Coal output doubled to 25 million metric tons to become Mongolia’s top export last year, encouraging the government to speed up Tavan Tolgoi’s development after years of debate. The mining industry can help fund broader economic growth, which may hit 10 percent this year, Prime Minister Sukhbaatar Batbold said last week. That would exceed China’s targeted 8 percent for 2011.
Mongolia attracted 15 initial bids to develop the field as floods in Australia curb supply. The price of steelmaking coal may rise to a record $340 a metric ton in the next quarter, according to UBS AG’s forecast in a Feb. 21 report.
The Asian nation is “definitely” where Noble Group Ltd., a Hong Kong-based commodity supplier backed by China’s sovereign wealth fund, wants to expand coal operations, Chief Executive Officer Ricardo Leiman said March 1.
Initial Offering
Tavan Tolgoi spans some 68,000 hectares, with coking coal located mainly in the central Tsankhi area, Enebish said. Tsankhi has been split into the western bloc, which will be developed by the winners of the tender, and the eastern side, which will be mined by Erdenes TavanTolgoi, a unit of Erdenes MGL. The unit will make an initial public offering of 29 percent to global investors this year or next, Enebish said.

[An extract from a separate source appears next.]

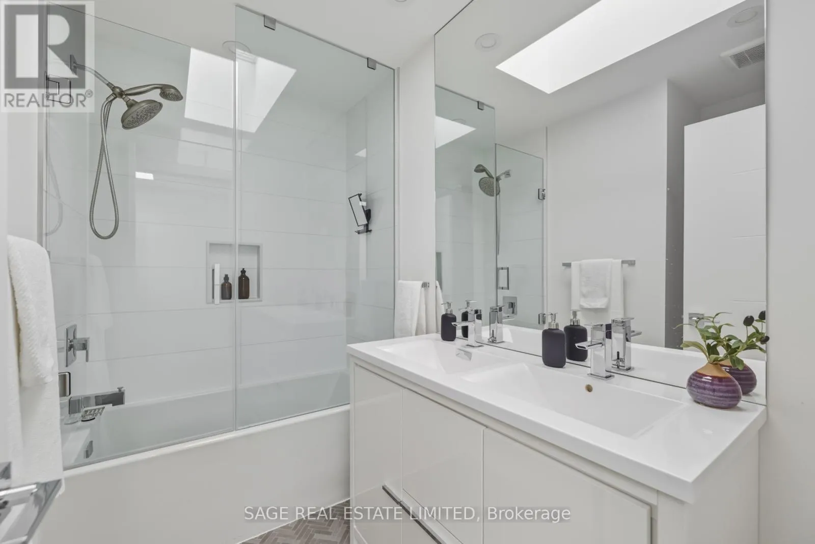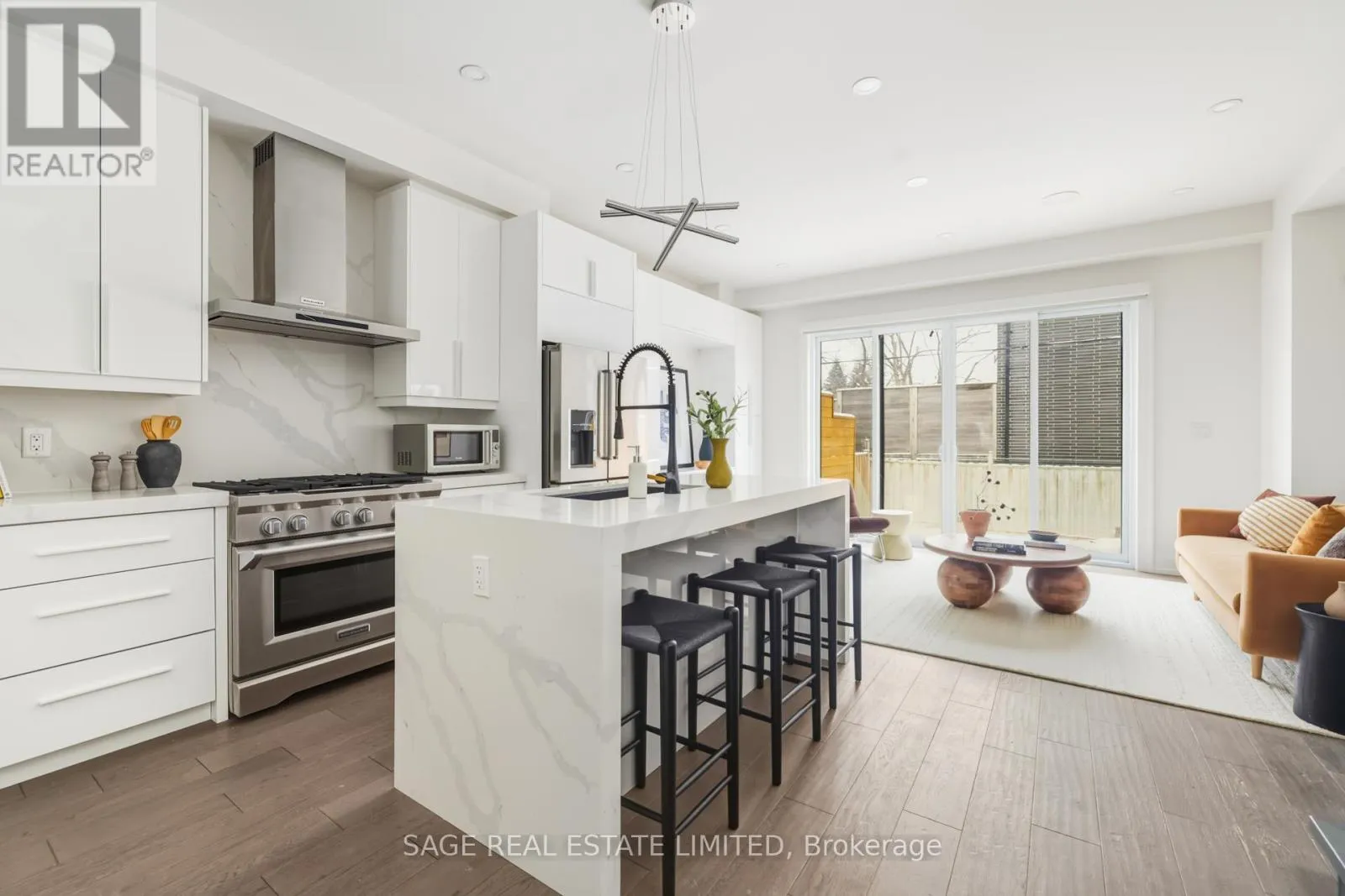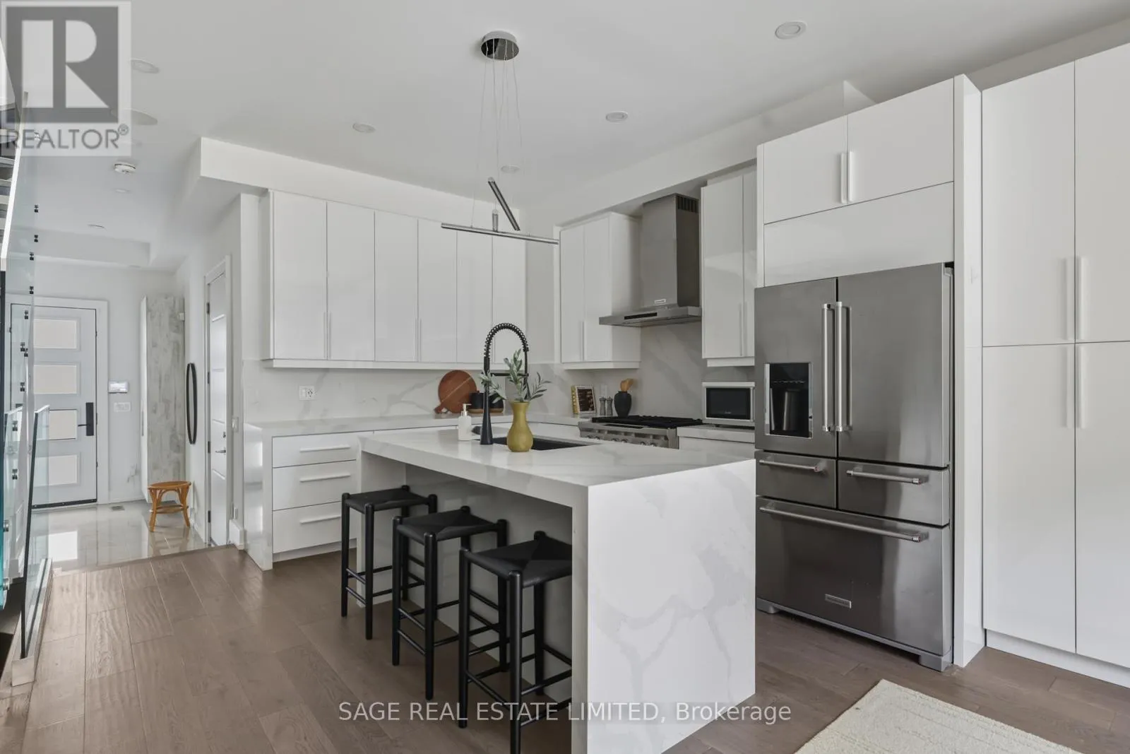 Greenwood and Danforth Not your average East York detached home. 99A Memorial Park is Where Modern Architecture MeetsSmart Living. Built in 2018, this 2-storey detached masterpiece spans over 2,200 square feet of meticulously designed living space where every detail serves a purpose. Step through the entrance and that solid open riser staircase with glass railings isn't just a statement piece, it's a preview of the home's commitment to light and flow. Those 3/4" white oak floors anchor10-foot main floor ceilings, while floor-to-ceiling walkout blurs the line between indoor elegance and your private outdoor sanctuary. Surround-sound speakers throughout mean your dinner playlist follows you seamlessly from the kitchen to the dining room. Your quartz counters and island, Custom cabinetry frames top-tier stainless steel appliances in an open concept layout that makes "entertaining" less event, more everyday. This isn't a kitchen that photographs well - it's one that lives better. The primary ensuite's curbless shower represents modern luxury done right - accessibility meets spa-worthy design. With four bathrooms across three floors, morning routines become parallel processing, not sequential bottlenecks. Here's where it gets interesting - one bedroom has been professionally transformed into a dream dressing room with custom shelving, drawers, and hanging systems, and an abundance of natural light from t skylight. Fashion lovers will swoon; traditionalists can easily restore it to bedroom three. Either way, you win. Memorial Park positions you perfectly between the Beaches' lakeside energy and Danforth's authentic urban pulse and ease of escaping the city via DVP. TTC access keeps your commute civilized while top-rated schools make this a long-term play, not a stepping stone. Your private yard isn't an afterthought - it's where summer actually happens.Gas line for your grill and evergreen turf make it an easy lot to maintain. (id:27476)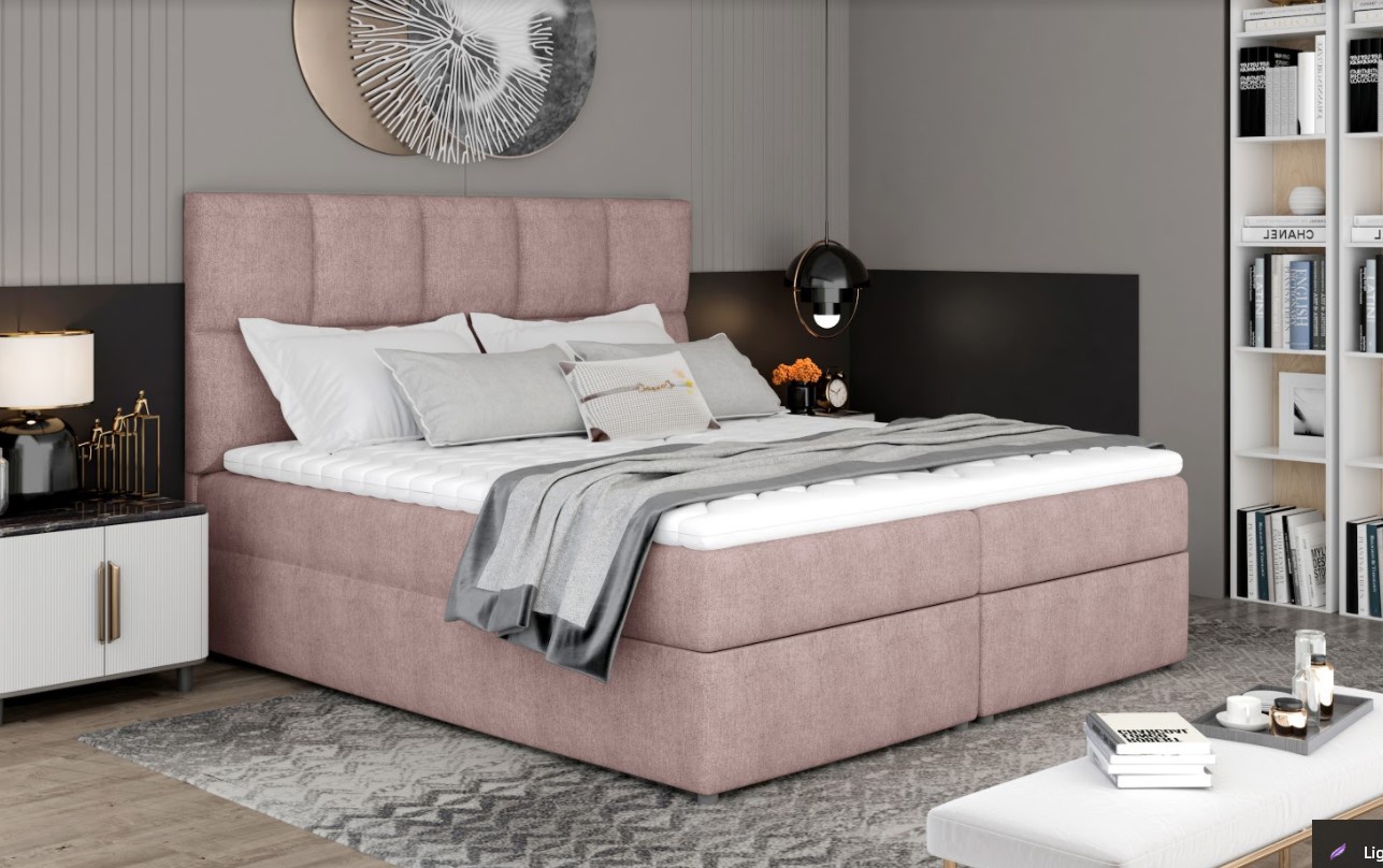 Postel boxspring Glossy s velkým úložným prostorem na první pohled zaujme elegantním designem. Postel je vyrobena v kombinací dřeva a dřevotřísky s pěkným čalouněním z přijemného materiálu. Postel disponuje několika vkusnými doplňky jako je prošívané čelo či kovové nožky. Pro dosažení optimálního pohodlí byla použita 15 cm vysoká oboustranná pružinová matrace typu bonnel, která je vybavena z každé strany vrstvou PUR pěny T25+pružina. Tvrdost matrace H3 má potah na zip, který je pratelný na 40 st. Pro lepší pohodlí je vrchní část postele doplněna o podložku z pěny, která je vysoká 4 cm. Postel má dva úložné prostory na lůžkoviny. Boxspring zajišťuje dokonalou cirkulaci vzduchu a odvádí tak většinu vlhkosti mimo lůžko. Potahová látka jako na hlavní fotografii - růžová látka. Na výběr máte z mnoha barevných variant. Maximální nosnost jedné postele 110 kg. Zboží dodáváme v demontu.

West Tsankhi holds more than 1 billion metric tons of coal, 68 percent of which can be used for steelmaking and the rest as fuel in power plants, Enebish said. The tender winner will pay Erdenes TavanTolgoi royalties for mining and assist in getting the coal to ports in China and Russia for export to Japan and South Korea, among other countries, he said.
Output, marketing, and transport plans for West Tsankhi will be discussed with the bidders, Enebish said. The East Tsankhi block, which Erdenes TavanTolgoi is developing on its own, is due to start coal exports within two months and has an annual production target of 15 million tons, two thirds of which will be coking coal, he said.
China, Russia
“The main market is China, it’s more natural,” Enebish said. “But through China, through Russia, the government of Mongolia plans to reach third markets.”
West Tsankhi is located in the South Gobi region of the country, 270 kilometers (170 miles) north of the Chinese border. The nearest port is China’s Tianjin 1,570 kilometers away, with the closest Russian port of Vanino more than three times the distance, according to a November presentation by the Mongolian government posted on its website.
As coal investors help Mongolia establish the transport, energy and mining infrastructure at Tsankhi it will aid development of other deposits, Enebish said. That will make it easier to attract more investment into resources, he said.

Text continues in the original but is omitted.